Лавинія продолжала плакать, скромное бракосочетаніе, и даже безъ всякихъ свадебныхъ подарковъ! Гетти не захотѣла принять ничего отъ семьи, въ домѣ которой Поль былъ недостоинъ.... Ни одного подарка, ни даже отъ Цециліи, которая любила ее, ни даже отъ лэди Августы, которая была благодарна ей за услуги, ни отъ Сивиллы -- Поль не долженъ былъ воспользоваться хотя бы парой перчатокъ въ этомъ домѣ.

-- Я плачу не потому, что Гетти вышла замужъ, миссъ Бруденель, говорила Лавинія. Поль будетъ ей хорошимъ мужемъ, я въ этомъ увѣрена. Такіе люди, какъ онъ,-- умные, добрые и покладливые -- большею частію бываютъ хорошими мужьями, если не сдѣлаются пьяницами. Но ужасно подумать, что случай самый выгодный, какой когда-либо представлялся для молодой четы, пропадаетъ даромъ. Вотъ что мнѣ обидно. Ему еще вчера предлагали какъ послѣдній шансъ, товарищество на половинныхъ барышахъ, причемъ деньги предоставлялось получать ему, и для начала предпріятія капиталъ въ двѣ тысячи фунтовъ. И онъ все это отклонилъ. А изъ-за чего? изъ-за пустаго предубѣжденія. Все изъ-за того, что ему пришлось бы пускать въ ходъ собственный умъ, а не духовъ. Но вотъ я знала съ самаго начала, что онъ не медіумъ. Медіума можно узнать по глазамъ; даже такого, какъ Эмануэль Чикъ -- хотя когда онъ входитъ, вся комната пропитывается запахомъ рома. Ну вотъ у Поля совсѣмъ не такіе глаза.
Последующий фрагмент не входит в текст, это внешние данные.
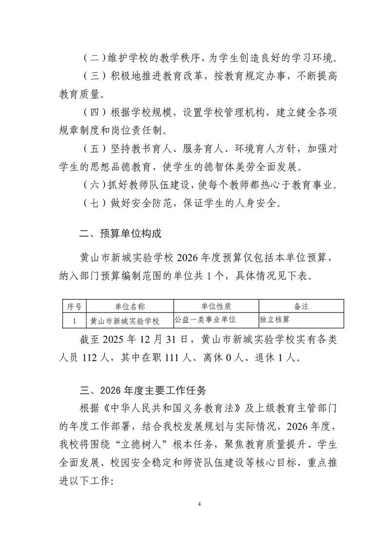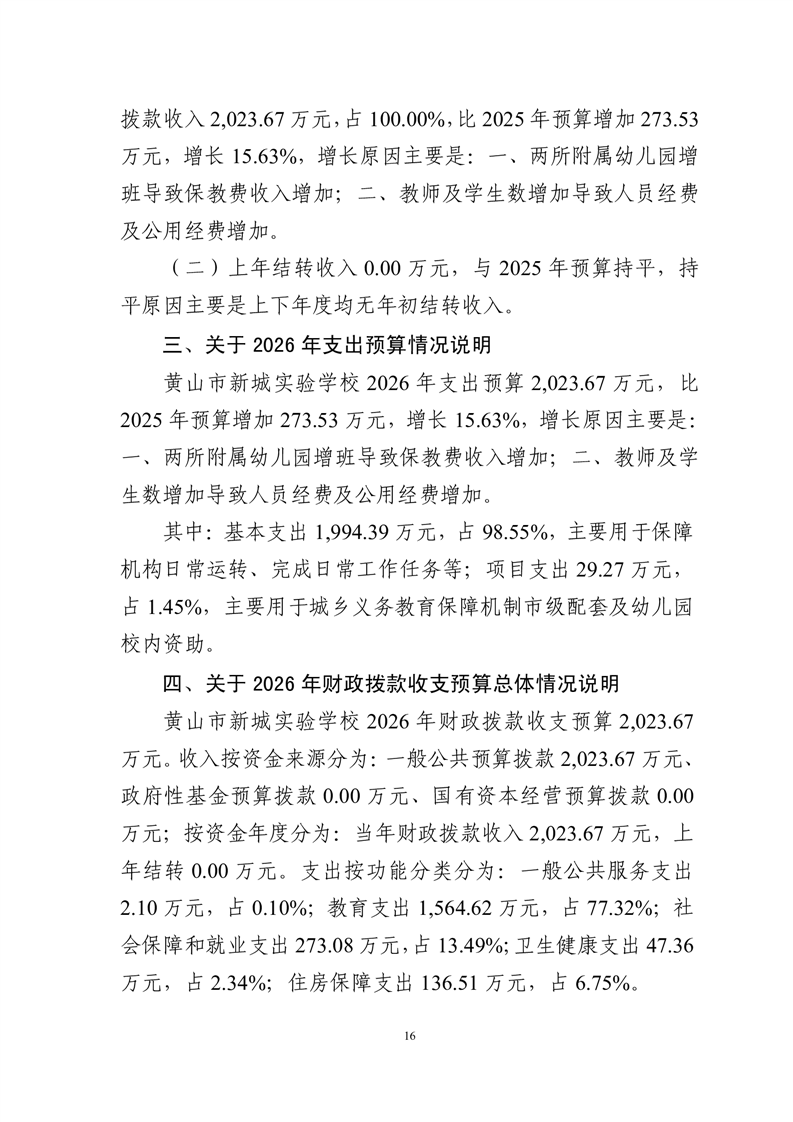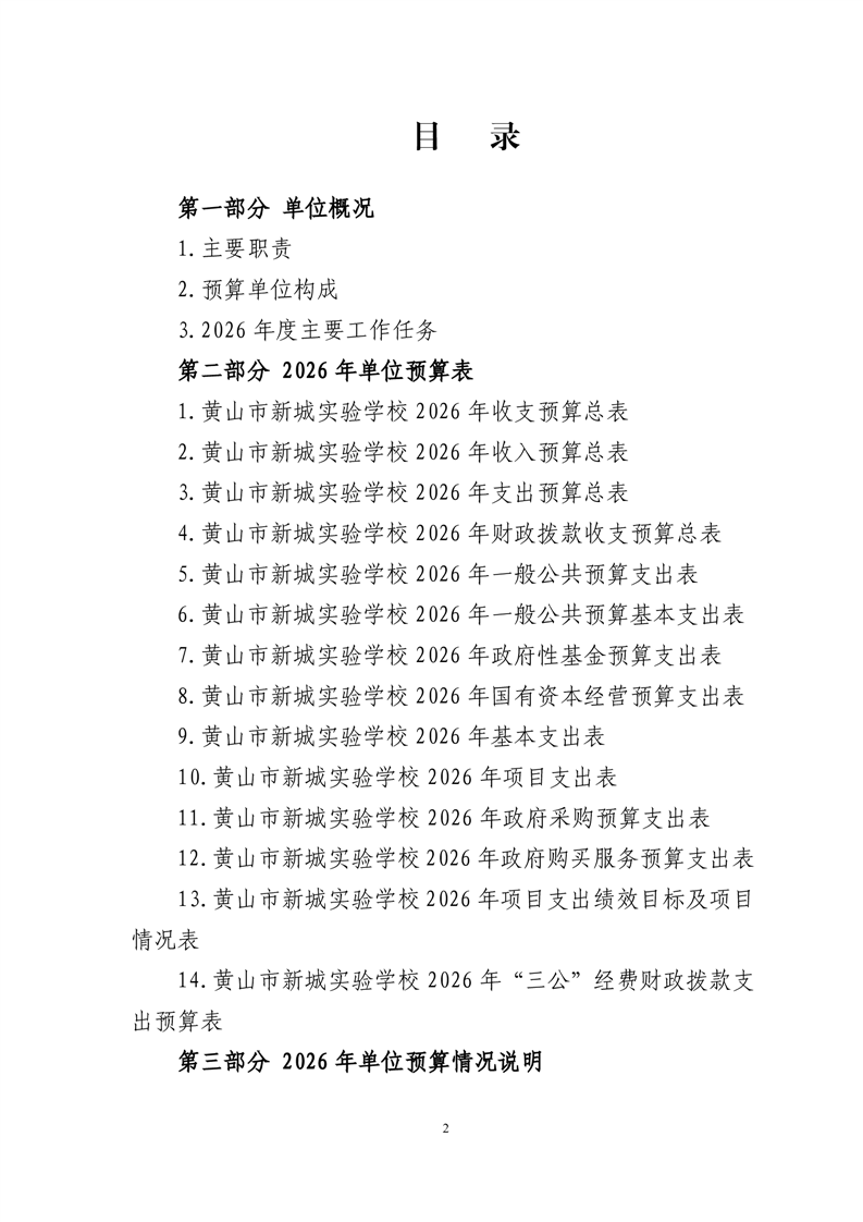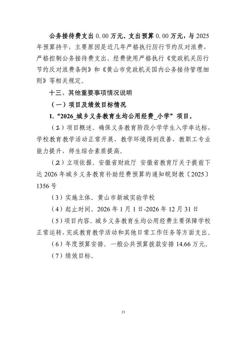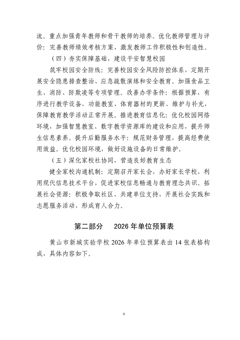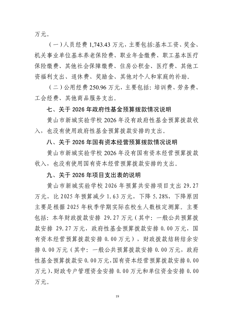 黄山市新城实验学校2026年单位预算
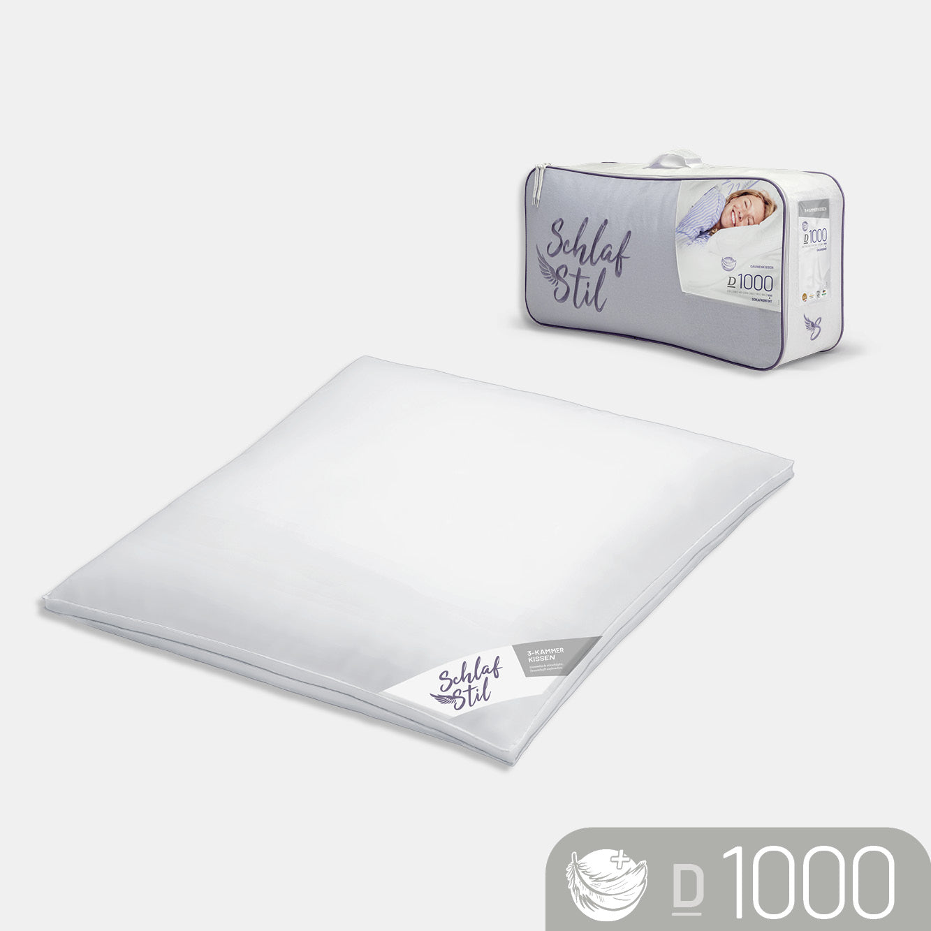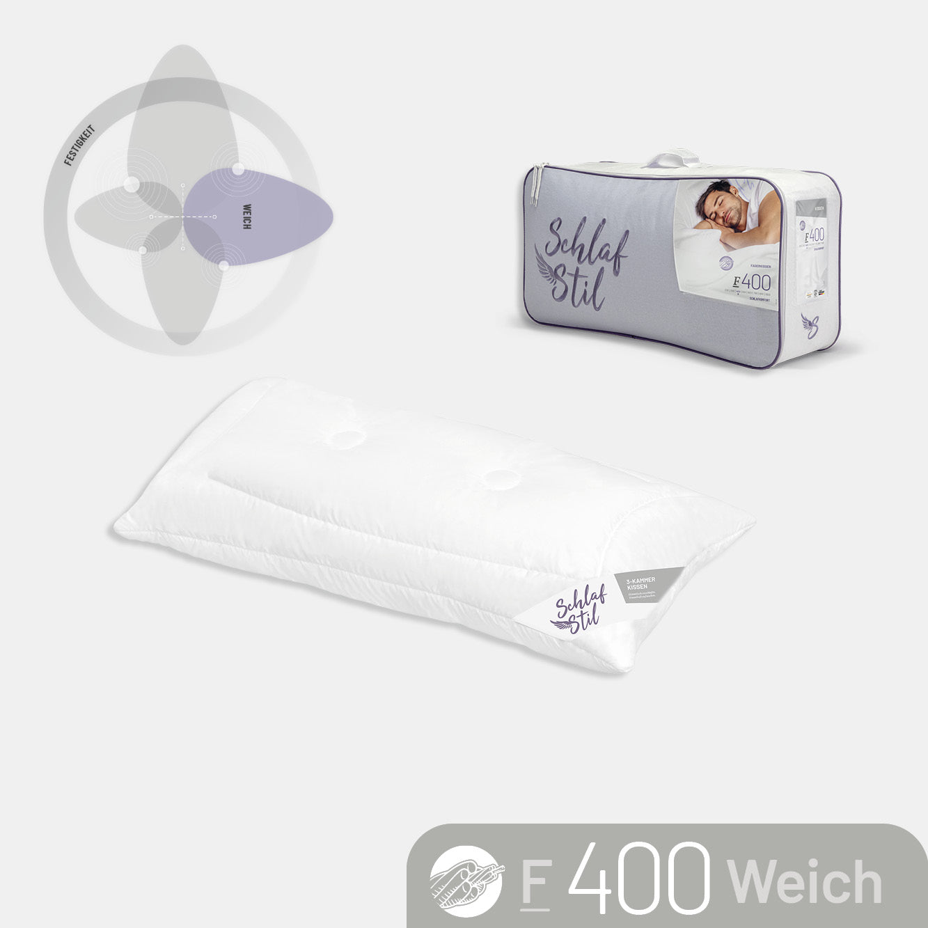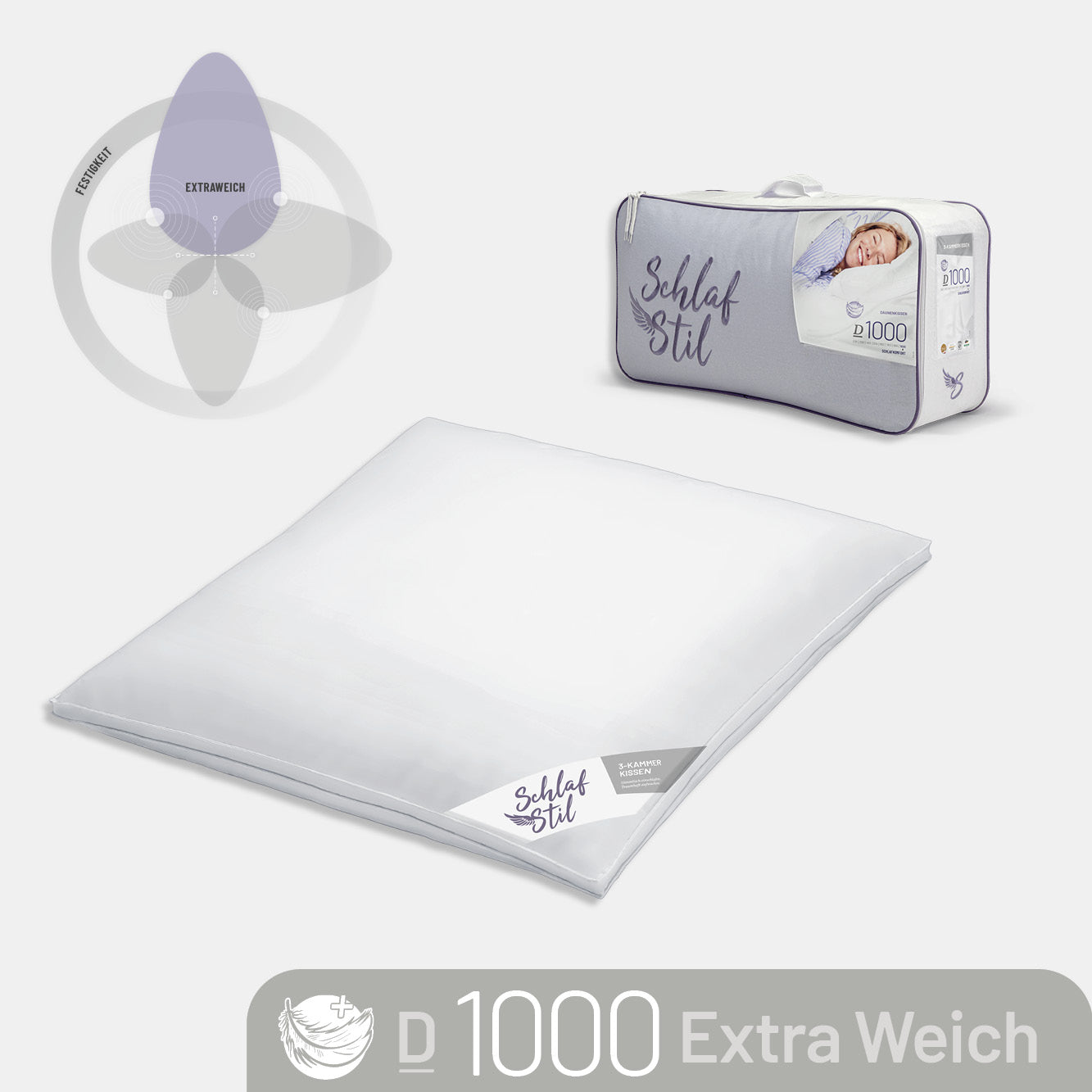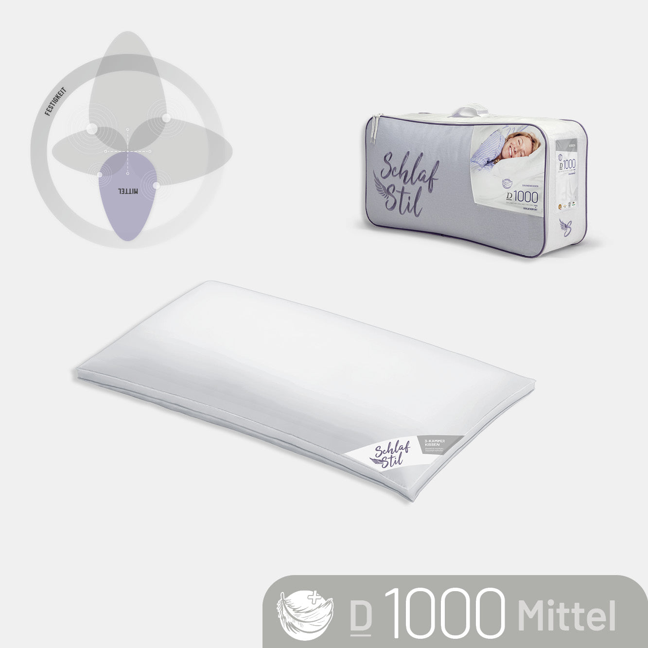 - 3-Kammer Kissen: 90 % Daunen und 10 % Federn (außen) mit 100 % Federn (innen) in feinem Daunen-Batist

-- О! м-съ Медлокъ, но вѣдь Поль и Гетти чувствовали, что это будетъ нехорошо, отвѣчала Сивилла.

-- Нисколько не хуже всякой иной профессіи. И чѣмъ они теперь будутъ жить, желала бы я знать? Они уѣзжаютъ, и я лишилась дочери, потому что она объявила, что никогда и ни за что не позволитъ тому доброму старому господину, который предлагалъ товарищество Полю, провѣдать о томъ, гдѣ онъ живетъ. Я лишилась дочери. Положимъ, она была не такой преданной и доброй дочерью, какъ бы слѣдовало; она никогда не хотѣла помочь матери. И пренебрегла самымъ чуднымъ и божественнымъ даромъ ясновидѣнія. О! какой это стыдъ!

На этомъ обѣ дѣвушки ее оставили и пошли домой.

-- Все кончено, сказала Висая. Теперь ничего не остается, какъ увезти его назадъ въ Америку. Сивилла, не печатайте ничего про него въ газетахъ.

-- Душа моя, я въ помыслахъ не имѣла этого.

-- Не допускайте, чтобы лэди Августа что-нибудь напечатала. Она вѣдь сказала, что намѣрена это сдѣлать, въ тотъ день... помните... на митингѣ. Поль можетъ объ этомъ узнать, и это сдѣлаетъ его несчастнымъ. Самое лучшее для него теперь забвеніе.

-- Можетъ ли онъ забыть?

-- Вы не знаете моего мальчика, сказала Висая. Если онъ пожелаетъ что-нибудь забыть, то отвернется отъ этого и забудетъ черезъ недѣлю. Онъ забывалъ мнѣ писать и своимъ родителямъ... по цѣлымъ годамъ. Почему? Потому что между непріятной истиной и его претензіями существовало слишкомъ большое несоотвѣтствіе.

-- Написалъ ли онъ теперь своей матери?

-- О, да, я его заставила написать.. Онъ повинился въ своемъ долгомъ молчаніи. Я не совѣтовала ему пересказывать матери всей своей исторіи, потому что это могло бы совсѣмъ ее сразить. Поэтому онъ предупредилъ ее только о томъ, что привезетъ съ собой жену.

-- Но понравится ли Гетти жизнь съ его родителями?

-- Ей не придется жить съ ними. Поль никогда не уживется въ маленькомъ городкѣ. Я думаю, что ему придется поселиться за городомъ, но по близости отъ какого-нибудь большаго города, Бостона, напримѣръ, гдѣ врядъ-ли о немъ слыхали. Хотя и въ Нью-Іоркѣ онъ вѣрно былъ извѣстенъ только въ спиритическихъ кружкахъ.

-- Какъ вы думаете, способенъ Поль втянуться въ трудное дѣло журналиста? Вѣдь имъ приходится посѣщать митингъ, не спать по ночамъ и быть цѣлый день на ногахъ?

-- Я не думаю, чтобы онъ былъ на это способенъ. Но нашимъ журналамъ нужна всякаго рода работа: они даютъ всякаго рода чтеніе. Поль скоро научится писать такъ, какъ требуется, и такого рода вещи, какія находятъ сбытъ.

-- Бѣдный Поль! бѣдная Гетти! Но чѣмъ же такая работа на сбытъ лучше его прежняго занятія?

-- Ее вовсе нечего жалѣть. Она любитъ своего мужа. Это все для женщины.

-- Бисая.

Сивилла дотронулась до ея руки -- со стороны женщины это признакъ участія и уваженія.

-- Почему это... почему Поль не влюбился въ васъ?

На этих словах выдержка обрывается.